VIP Implementation Guide

This document summarizes what has been built so far and describes how to go about implementing and hardening the remaining tests.

What exists today

Project structure

vip/
├── src/vip/                     # Core library
│   ├── config.py                # TOML config loader + dataclasses
│   ├── plugin.py                # pytest plugin (markers, skip logic, JSON report)
│   ├── reporting.py             # Report data model for Quarto
│   └── clients/                 # Lightweight HTTP clients (httpx, no SDKs)
│       ├── connect.py           # Content CRUD, deploy, tags, runtime versions
│       ├── workbench.py         # Health, server info, sessions
│       └── packagemanager.py    # Repos, CRAN/PyPI availability
│
├── src/vip_tests/                       # The VIP test suite (runs against real products)
│   ├── conftest.py              # Root fixtures: clients, auth, runtimes, data sources
│   ├── prerequisites/           # Server reachability, auth credentials present
│   ├── package_manager/         # CRAN/PyPI mirrors, repo listing, private repos
│   ├── connect/                 # Auth, content deploy, data sources, packages, email, runtimes
│   ├── workbench/               # Auth, IDE launch, sessions, packages, data sources, runtimes
│   ├── cross_product/           # SSL certs, monitoring, system resources
│   ├── performance/             # Load times, package speed, concurrency, resource usage
│   └── security/                # HTTPS enforcement, auth policy, secrets
│
├── selftests/                   # Framework tests (no products required, run in CI)
│   ├── test_config.py           # Config loading, TOML parsing, env vars
│   ├── test_plugin.py           # Version parsing, skip logic, JSON output, extensions
│   └── test_reporting.py        # Report data model, result loading
│
├── report/                      # Quarto report templates
│   ├── _quarto.yml              # Website config (cosmo theme, navbar)
│   ├── index.qmd                # Summary: pass/fail counts, category breakdown, failures
│   └── details.qmd              # Per-test listing with outcome and duration
│
├── examples/custom_src/vip_tests/       # Extension example for customer-specific tests
├── .github/workflows/
│   ├── ci.yml                   # Lint + format + selftests (Python 3.10 & 3.12)
│   └── preview.yml              # Render Quarto report and publish PR preview to gh-pages
├── justfile                     # Task runner (setup, lint, test, selftest, report)
├── pyproject.toml               # Dependencies, markers, ruff config
└── vip.toml.example             # Configuration template

Test inventory

Every test follows the same pattern: a .feature file with Gherkin scenarios paired with a .py file containing step definitions.

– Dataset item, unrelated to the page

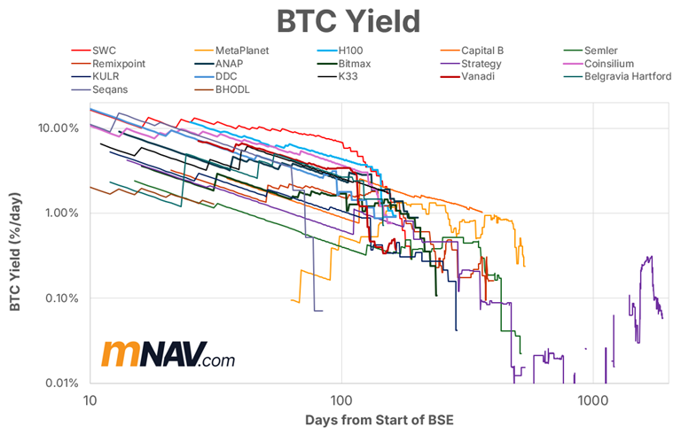 Accretive BTC-TCs that consistently stack sats earn a premium (higher mNAV). As a BTC-TC grows its stack, its yield naturally slows, and its mNAV drifts down.

Category	File	Scenarios	Status
Prerequisites	`test_components`	Connect/Workbench/PM reachability	Implemented
	`test_auth_configured`	Credentials present	Implemented
Package Manager	`test_repos`	CRAN mirror, PyPI mirror, repo exists	Implemented
	`test_private_repos`	Private repos resolve	Implemented
Connect	`test_auth`	Web UI login, API key auth	Implemented
	`test_content_deploy`	Deploy Quarto, Plumber, Shiny, Dash	Implemented
	`test_data_sources`	External data source connectivity	Implemented
	`test_packages`	Package repo configured, PM URL in settings	Implemented
	`test_email`	Send test email	Implemented
	`test_runtime_versions`	R and Python versions match expected	Implemented
Workbench	`test_auth`	Web UI login	Implemented
	`test_ide_launch`	RStudio, VS Code, JupyterLab	Implemented
	`test_sessions`	Session starts and persists	Implemented
	`test_packages`	R repos.conf check	Stub
	`test_data_sources`	External data source connectivity	Implemented
	`test_runtime_versions`	R and Python versions match expected	Implemented
Cross-product	`test_ssl`	SSL cert valid, HTTP-to-HTTPS redirect	Implemented
	`test_monitoring`	Health endpoints respond	Implemented
	`test_resources`	Disk < 90%, memory > 10% available	Implemented
Performance	`test_login_load_times`	Page load < 10s per product	Implemented
	`test_package_install_speed`	CRAN/PyPI download < 30s	Implemented
	`test_concurrency`	10 concurrent requests succeed, avg < 5s	Implemented
	`test_resource_usage`	Load avg and memory during traffic burst	Implemented
Security	`test_https`	HTTPS enforced, no version headers	Implemented
	`test_auth_policy`	Provider matches config, unauthed denied	Implemented
Config hygiene (opt-in)	`test_secrets`	No plaintext secrets in config, API key from env	Implemented

Selftests (38 tests): config loading, plugin behavior (via pytester), reporting module. All pass in CI.

Key infrastructure

Auto-skip: tests for unconfigured products are skipped automatically. The plugin reads vip.toml and checks each product's enabled flag and url field.
Version gating: @pytest.mark.min_version(product="connect", version="2024.05.0") skips tests when the product is older than required.
Non-destructive cleanup: Connect content created during tests is tagged with _vip_test and deleted in teardown.
Extensibility: --vip-extensions=/path/to/dir adds a directory to pytest's collection at runtime.
Quarto report: pytest writes JSON to report/results.json by default, which the Quarto templates read to render the HTML report.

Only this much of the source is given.